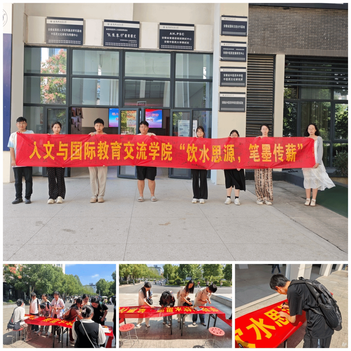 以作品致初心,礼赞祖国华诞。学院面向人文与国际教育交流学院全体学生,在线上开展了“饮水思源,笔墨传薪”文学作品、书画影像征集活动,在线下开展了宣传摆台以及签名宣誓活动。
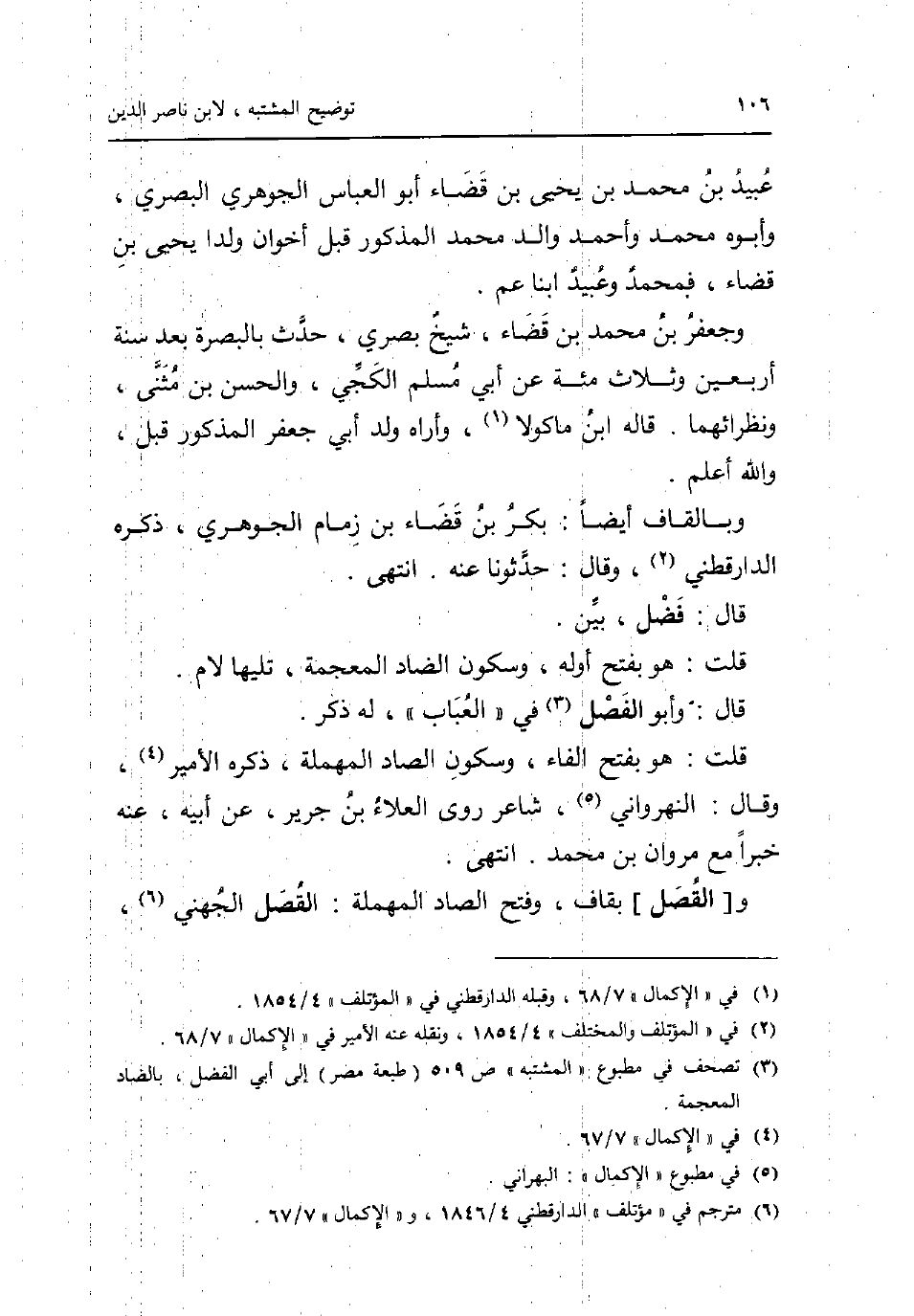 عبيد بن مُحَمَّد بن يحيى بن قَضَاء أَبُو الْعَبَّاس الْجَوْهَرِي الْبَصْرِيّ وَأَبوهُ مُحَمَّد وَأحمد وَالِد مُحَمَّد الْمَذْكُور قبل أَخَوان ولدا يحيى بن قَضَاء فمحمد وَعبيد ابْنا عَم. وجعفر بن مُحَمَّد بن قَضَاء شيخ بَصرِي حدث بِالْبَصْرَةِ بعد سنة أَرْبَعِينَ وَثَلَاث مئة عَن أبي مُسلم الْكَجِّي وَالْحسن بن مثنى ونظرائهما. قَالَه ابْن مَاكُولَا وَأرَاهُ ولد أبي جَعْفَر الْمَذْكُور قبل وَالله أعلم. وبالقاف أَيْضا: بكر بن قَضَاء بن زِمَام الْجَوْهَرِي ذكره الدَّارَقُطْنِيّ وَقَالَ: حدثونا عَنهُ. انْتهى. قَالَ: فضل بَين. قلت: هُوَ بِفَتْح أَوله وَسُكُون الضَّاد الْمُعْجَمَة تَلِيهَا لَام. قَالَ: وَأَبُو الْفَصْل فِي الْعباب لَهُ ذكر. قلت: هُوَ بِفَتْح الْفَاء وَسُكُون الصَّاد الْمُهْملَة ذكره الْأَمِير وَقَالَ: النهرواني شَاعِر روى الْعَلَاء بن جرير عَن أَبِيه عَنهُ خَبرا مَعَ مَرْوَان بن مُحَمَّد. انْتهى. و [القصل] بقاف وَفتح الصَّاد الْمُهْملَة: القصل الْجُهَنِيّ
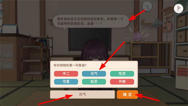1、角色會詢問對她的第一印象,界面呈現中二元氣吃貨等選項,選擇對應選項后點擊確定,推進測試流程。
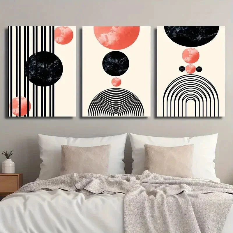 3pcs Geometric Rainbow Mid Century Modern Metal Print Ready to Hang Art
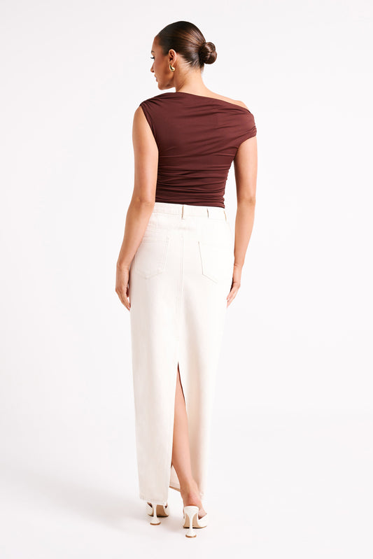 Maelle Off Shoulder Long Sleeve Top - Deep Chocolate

*What you will do*: Could you repeat exactly the lines from the one containing "3pcs Geometric Rainbow" to the last line of the records, both included, and leave out every picture?

*Problem solution*:
 3pcs Geometric Rainbow Mid Century Modern Metal Print Ready to Hang Art
 Maelle Off Shoulder Long Sleeve Top - Deep Chocolate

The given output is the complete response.